#### ACTIVITY:
Reproduce the data that follows character for character, but omit its pictures.

#### DATA BLOCK:
+---+

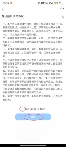 6、输入投诉相关信息,确认阅读后点击“提交”。
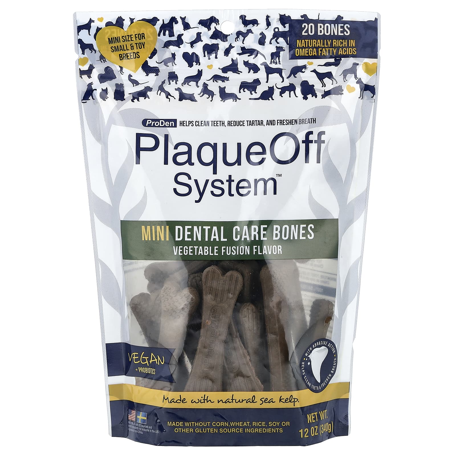 ProDen PlaqueOff System™ Mini Ossos para Higiene Dental Para Cães Pequenos e de Raça Brinqueda Fusão de Vegetais 20 Ossos 340 g (12 oz) – ProDen Pets Saúde dos pets Tratamentos e remédios para cães Cuidados bucais para cães.
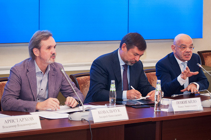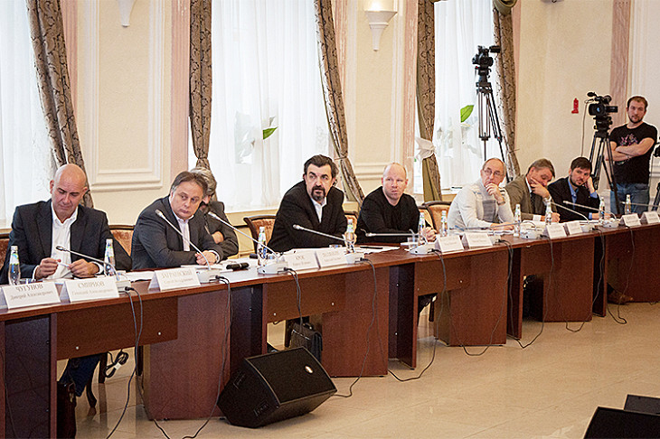 Одним из инициаторов разговора стал Константин Райкин, поэтому за столом собрались преимущественно театральные деятели. Представители Центра им. братьев Люмьер на встрече не появились. В помощь выступающим на столе в папках лежал документ «Основы государственной политики».
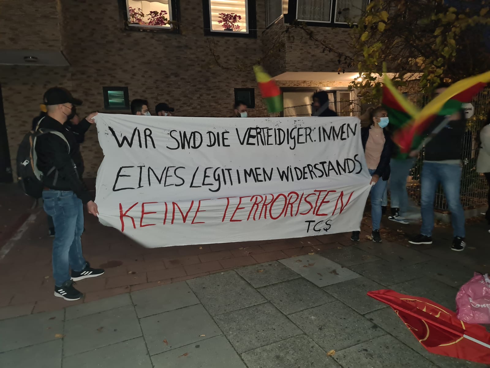 Akşam saatlerinde bir araya gelen TCŞ ve TekoJIN aktivistleri şölenin düzenleneceği salonun önünde faşist Alman polisinin almış olduğu kararı protetsto etmek istediler. Sabah saatlerinden itibaren salonun etrafı polisler etrafından çembere alınmıştı. TCŞ ve Kürdistan bayrakları açan gençleri Alman polisi çembere aldı. Ve sonrasında müdahalelerde bulundu. Gençler Alman devletinin almış olduğu karara ilişkin ise Kürtçe ve Türkçe açıklamalarda bulundular.

+---+

#### FINAL ANSWER:
 6、输入投诉相关信息,确认阅读后点击“提交”。
 ProDen PlaqueOff System™ Mini Ossos para Higiene Dental Para Cães Pequenos e de Raça Brinqueda Fusão de Vegetais 20 Ossos 340 g (12 oz) – ProDen Pets Saúde dos pets Tratamentos e remédios para cães Cuidados bucais para cães.
 Одним из инициаторов разговора стал Константин Райкин, поэтому за столом собрались преимущественно театральные деятели. Представители Центра им. братьев Люмьер на встрече не появились. В помощь выступающим на столе в папках лежал документ «Основы государственной политики».
 Akşam saatlerinde bir araya gelen TCŞ ve TekoJIN aktivistleri şölenin düzenleneceği salonun önünde faşist Alman polisinin almış olduğu kararı protetsto etmek istediler. Sabah saatlerinden itibaren salonun etrafı polisler etrafından çembere alınmıştı. TCŞ ve Kürdistan bayrakları açan gençleri Alman polisi çembere aldı. Ve sonrasında müdahalelerde bulundu. Gençler Alman devletinin almış olduğu karara ilişkin ise Kürtçe ve Türkçe açıklamalarda bulundular.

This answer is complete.